Selanjutnya adalah keterangan atau pendapat yang jelaskan oleh para ulama mazhab tantang jual beli emas tersebut, Para ulama mazhab merupakan satu bagian yang tidak dapat dipisahkan dalammenentukansebuah ijtihad berdasarkan Al-Quran dan hadis. Menurut bahasa, mazhab ( مذهب ) berasal dari shighah masdar mimy (kata sifat) dari isim makan (kata yang menunjukkan tempat) yang diambil dari fi’il madhy “dzahaba” ذىب yang berarti “pergi”. Bisa juga berarti al-ra’yu الرأي yang artinya “pendapat”. Sedangkan pengertian mazhab menurut istilah meliputi dua pengertian, yaitu:

  1. Mazhab adalah jalan pikiran atau metode yang ditempuh oleh seorang imam mujtahid dalam menetapkan hukum suatu peristiwa berdasarkan kepada Al-Quran dan hadis.
  2. Mazhab adalah fatwa atau pendapat seorang imam mujtahid tentang hukum suatu peristiwa yang diambil dari Al-Quran dan hadis.

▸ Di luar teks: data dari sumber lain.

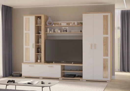 Стенка Канди 6-575 придаст шарм вашей гостиной. Она разместит современный большой телевизор, за закрытыми дверьми, вы сможете разместить вещи. Благодаря функциональности гостиной Канди 6-575 в вашей гостиной будет красота и порядок. -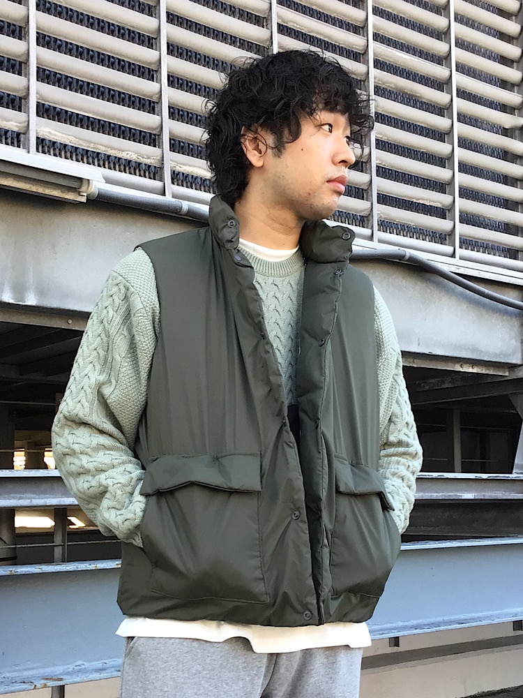 昨年好評だったTAIONのダウンベストが登場しました。リラックス感のある雰囲気でさりげなくモックネックをインナーに合わせてます!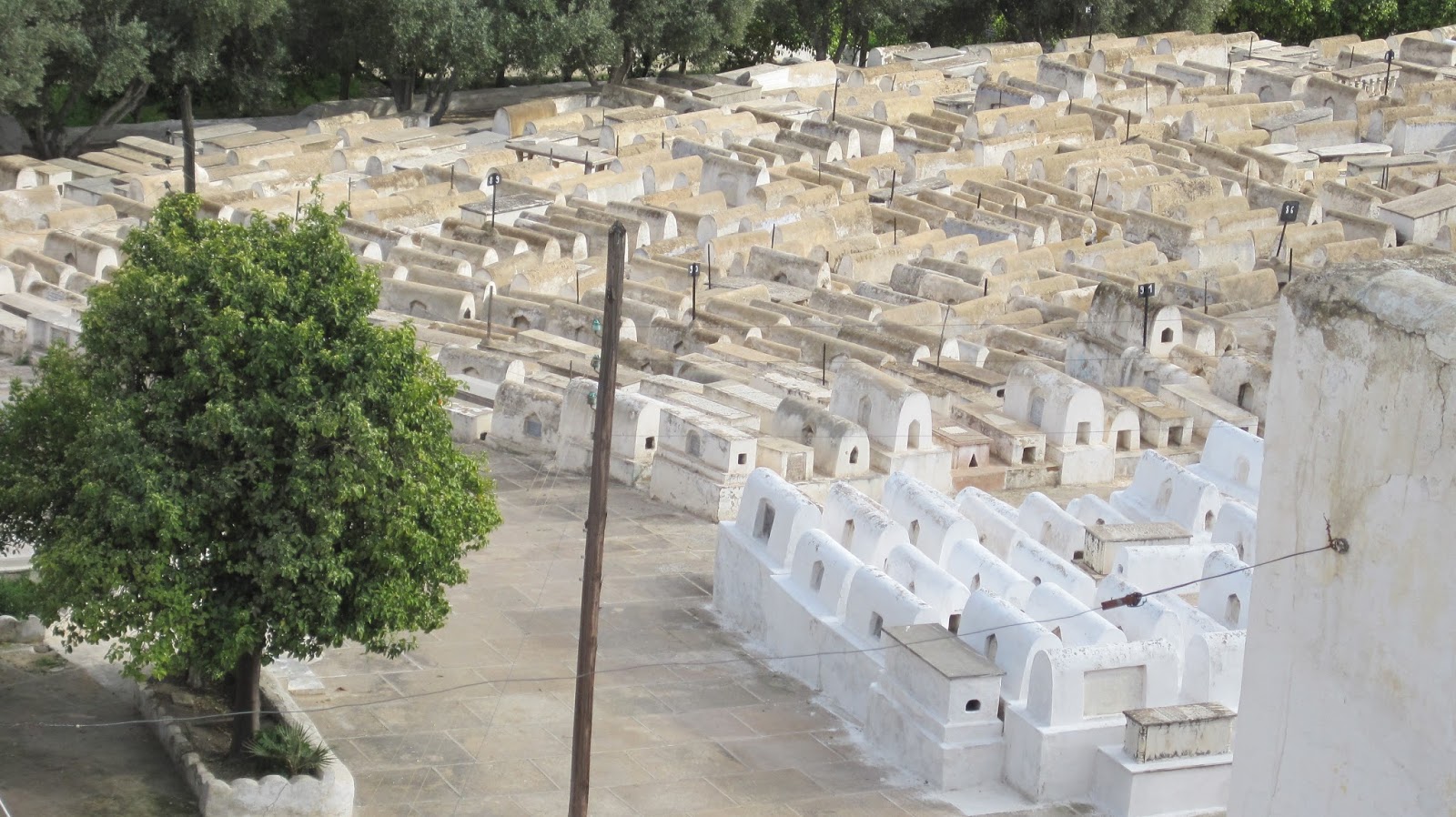 La visita terminaba con el ofrecimiento de subir a la terraza a contemplar el cementerio judío, previo pago de un estipendio. Y como el cementerio judío de Fez no es de los más bellos de Marruecos, accedimos para verlo desde una perspectiva diferente en lugar de dar un rodeo hasta él. Pero cuál fue mi sorpresa, al acceder a la parte superior de la sinangoga, que encontramos un gran tendedero de bragas y calzoncillos sobre los bancos ¡Madre mía! En fin… cosas de Marruecos.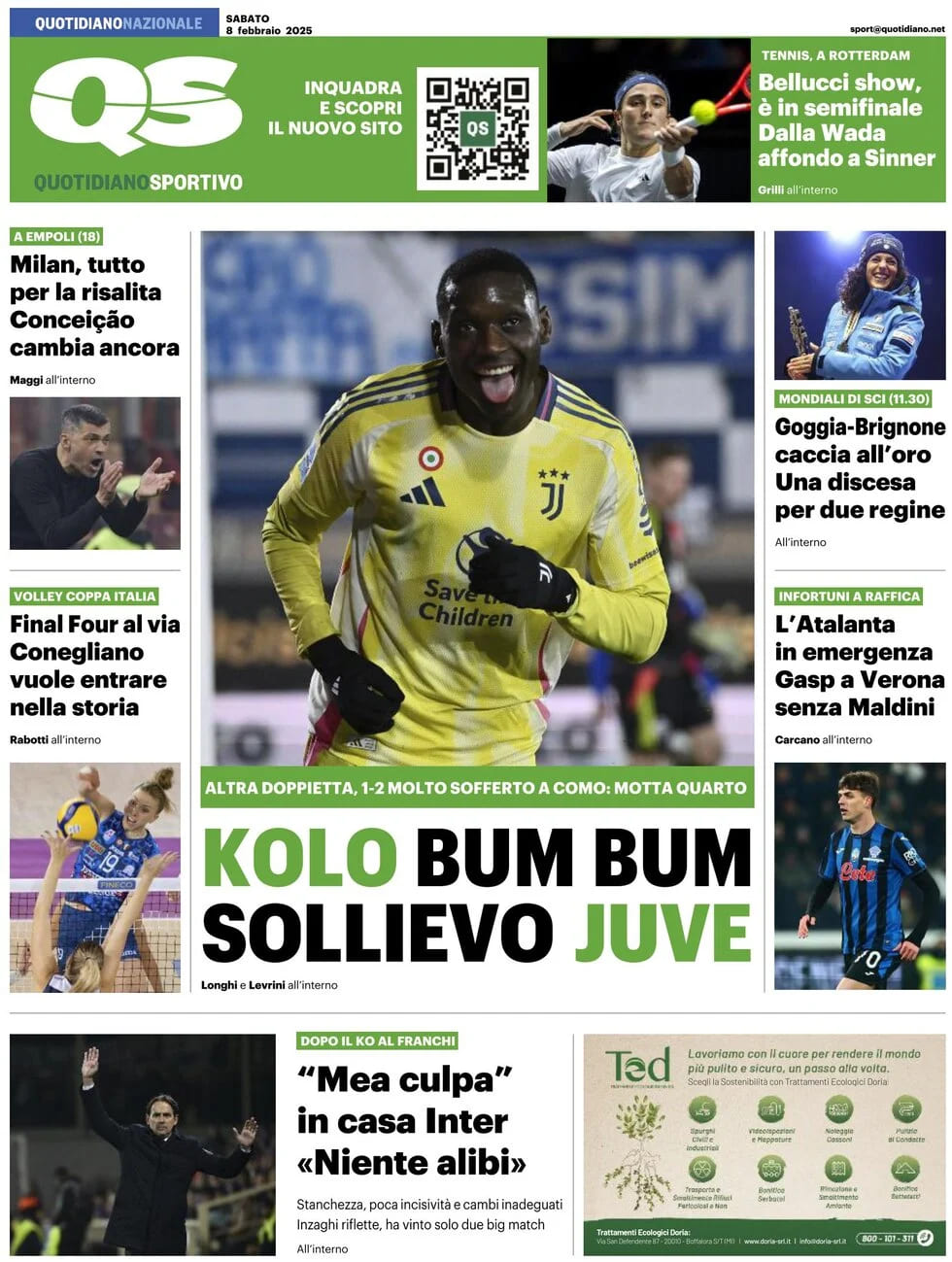 Il Quotidiano Sportivo titola così questa mattina: "Milan, tutto per la risalita. Conceiçao cambia ancora". Stasera contro l'Empoli, il tecnico milanista farà un po' di turnover visto che mercoledì è in programma la fondamentale trasferta di Champions League contro il Feyenoord. Rispetto all'ultimo match contro la Roma in Coppa Italia, il tecnico portoghese cambia quattro uomini nella formazione iniziale: Tomori e Pavlovic lasceranno il posto in mezzo alla difesa a Gabbia e Thiaw.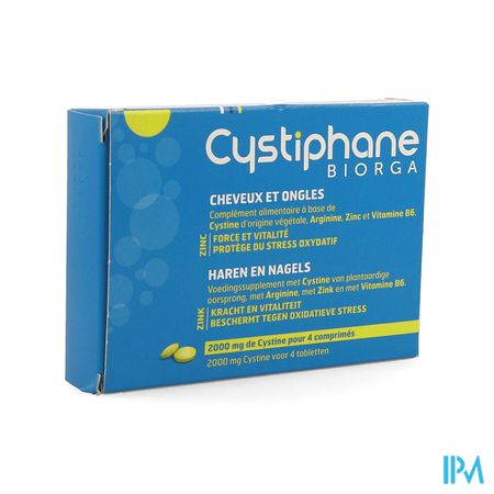 Voedingssupplement met CYSTINE van plantaardige oorsprong, met ARGININE, met ZINK en met VITAMINE B6. Cystiphane bevat aminozuren, Vitamine B6 en Zink. Vitamine B6 draagt bij tot de normale synthese van cysteïne. Zink draagt bij tot het onderhoud van normale haren en nagels en om de cellen te beschermen tegen oxidatieve stress. Uw haren en nagels behouden kracht en vitaliteit.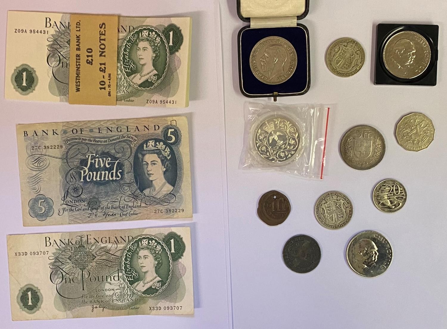 A group of assorted commemorative and other coins, and a group of banknotes including a run of ten £1 and an £5 banknote AK47 655253 (qty)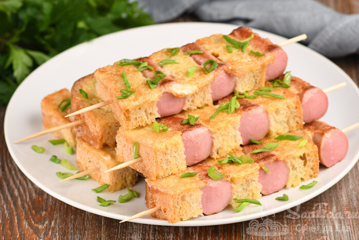 Разрежьте 2 ломтика хлеба и 6 сосисок на 3 части. Чередуйте хлеб и сосиску на шпажке.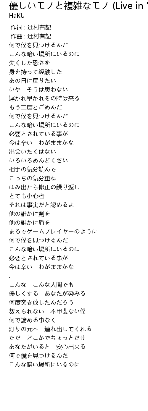 | Song | 優しいモノと複雑なモノ (Live in "wonderland") |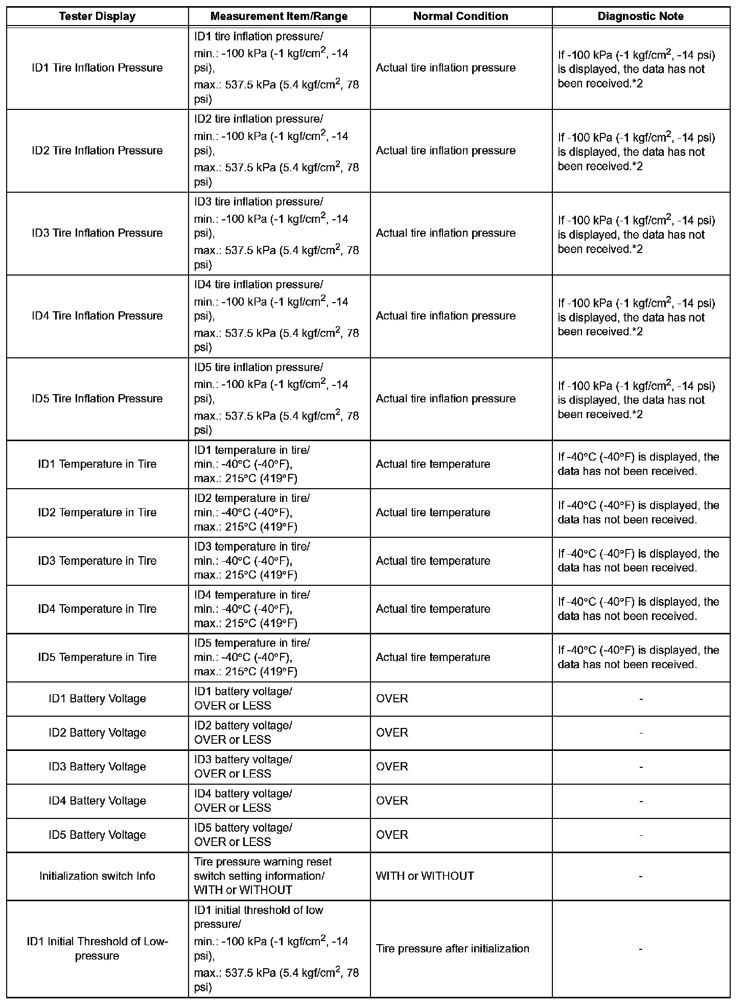 *2: It may take about 2 or 3 minutes until the values are displayed. If the values are not displayed after a few minutes, perform troubleshooting according to the inspection procedure for DTCs C2121/21 to C2125/25. C2121

Terdapat perbedaan pandangan antara para ulama mazhab tentang jual beli emas secara tidak tunai, ada yang mengharamkan dan ada pula yang membolehkan,dengan penjelasan sebagai berikut:

  • Ulama yang Tidak Membolehkan Jual Beli Emas Secara Tidak Tunai. Para ulama yang mengharamkan jual beli emas secara tidak tunai adalah para Imam Mazhab (Abu Hanifah, Malik, Syafi’i dan Ahmad Hanbali).
  • Ulama yang Membolehkan Jual Beli Emas Secara Tidak Tunai. Para ulama yang membolehkan jual beli emas secara tidak tunai sebagaimana disebutkan dalam fatwa DSN-MUI diantaranya Ibnu Qayyim, Ibnu Taimiyah dan Syekh Ali Jumu’ah, mufti Mesir.